In the first decade of the 21st century, some groups reached mainstream popularity. There are Christian metal bands that perform virtually every subgenre of metal. The Christian metal movement has spread worldwide since it emerged in the early 1980s, and there are now hundreds of active Christian metal bands. Inspired by the metal revival, many 1980s bands have made comebacks including Saint, Bloodgood and Stryper. In October 2004, Doug Van Pelt brought Heaven's Metal back as its own fanzine. The Internet has had a significant role on the revival of Christian metal as well. Many websites and online communities are dedicated to discussions about Christian metal's music, events, and bands.

For the first time since Stryper's success in the 1980s, certain Christian metal artists found mainstream acceptance selling millions of albums to both Christian and non-Christian fans, including Underoath and P.O.D. The latter became the most successful Christian metal band when their 2001 album Satellite went multi-platinum, while the former's 2006 album, Define the Great Line, ranked No. 2 on the Billboard 200. Stryper would re-form in 2003 and eclipse over 10 million in total album sales.

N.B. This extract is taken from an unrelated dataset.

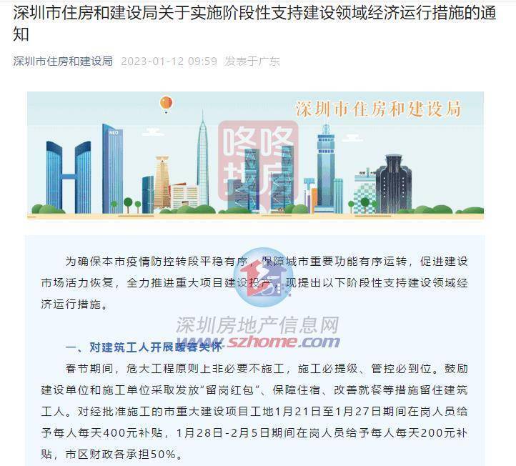 深圳住建:鼓励补贴建筑工人春节留岗,实施阶段性支持建设领域经济运行措施

They had adopted more of a power metal sound than the "hair metal" style they were known for. Skillet, who is also often labeled as a metal band reached mainstream success while being open about their Christian faith. Their efforts have resulted in over 12 million units sold including two platinum albums. From their 2× platinum album Awake, the song "Monster" alone would sell over 3 million copies. From the same album, the song "Hero" would also reach multi-platinum status.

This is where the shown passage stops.